The Catholic Church saw Cathars as a heretical sect that went against the teachings of the Bible. The fact that Cathars rejected the idea of salvation from sin by belief in Christ was seen as a threat to the Catholic belief. Cathars were open-minded when it came to women priests since they saw the spirit as being without gender. For the Catholic Church, this too was unacceptable. As more and more people moved away from Catholicism and adopted Catharism, the Vatican started sending representatives to force Cathar leaders and their supporting nobles to come back to the Catholic faith.

(Image: Screen Shot/ Youtube)

As more and more people moved away from Catholicism and adopted Catharism, the Vatican started sending representatives to force Cathar leaders and their supporting nobles to come back to the Catholic faith. (Image: Screenshot / YouTube)
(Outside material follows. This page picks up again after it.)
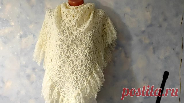 АЖУРНАЯ ШАЛЬ ОЧЕНЬ КРАСИВЫМ УЗОРОМ, крючком. Шаль для начинающих. Шаль связана из пряжи ,,ALIZE ANGORA GOLD simli,, в 100гр.-500м., крючок 4мм., расход пряжи 190гр., размер 1м.80см.*1м.30см.*1м., по верхней линии 29раппортов.

For this purpose, a papal legate, Pierre de Castelnau, visited Raymond VI, Count of Toulouse, in January A.D. 1208. The papal legate asked Raymond to stop protecting Cathars. However, he refused and even threatened Pierre with violence. While returning back to Rome, Pierre was killed, allegedly by one of Raymond’s knights. The death was a turning point in Catholic-Cathar relations as the Pope ordered a crusade against them.

In A.D. 1209, the city of Béziers was attacked. The crusaders offered Catholics the freedom to leave unharmed. However, most of them refused and opted to fight for the city with their Cathar brothers. The city was eventually captured and thousands of people, including children, were slaughtered. Some of them were used as target practice by the crusaders. When Arnaud-Amaury, commander of the crusader army, was asked how to distinguish between the Catholics and Cathars, he is alleged to have said: “Kill them all, the Lord will recognize His own.”

The official war between Cathars and Catholics ended with the Treaty of Paris in A.D. 1229. An inquisition was instituted in A.D. 1233 to uproot the remaining Cathar believers. Eventually, Catharism was wiped out from France. Even though descendants of Cathars adopted Catholicism to avoid persecution, they were often discriminated against. Some were even required to live outside towns.

Parallels with Falun Gong

The suppression of Cathars is a grim reminder of what happens when new ideologies, however benign, pop up in totalitarian regimes. In countries across the Middle East, Africa, South America, and Asia, extremist religious beliefs and their leaders continue to persecute the innocent. In recent times, the persecution of Falun Gong practitioners by the Chinese Communist Party (CCP) is an example.

Afraid that a peaceful Buddhist-like Falun Gong might erode its authoritarian power, the CCP, under former president Jiang Zemin, initiated a massive crackdown on followers of the spiritual practice starting in 1999. Several hundred thousand Falun Gong practitioners were arrested, with many tortured, abused, and killed. Almost 4,300 people have been confirmed to have been murdered on the site minghui.org. The government is also involved in harvesting organs from (living) Falun Gong practitioners, thereby killing them, and selling the organs internationally.

(Image: Screen Shot/ Youtube)

The government is also involved in harvesting organs from (living) Falun Gong practitioners, thereby killing them, and selling the organs internationally. (Image: Screenshot / YouTube)

At present, Falun Gong remains a banned practice in China. The CCP uses its global propaganda network to spread fake news against the practitioners. Despite all such attacks, the followers of Falun Gong have stuck with their core teachings of moral values including compassion to counter the persecution rather than embracing violent methods. Today, many people practicing Falun Gong voluntarily meet with international groups and media organizations to expose the atrocities and hold the CCP accountable for their crimes.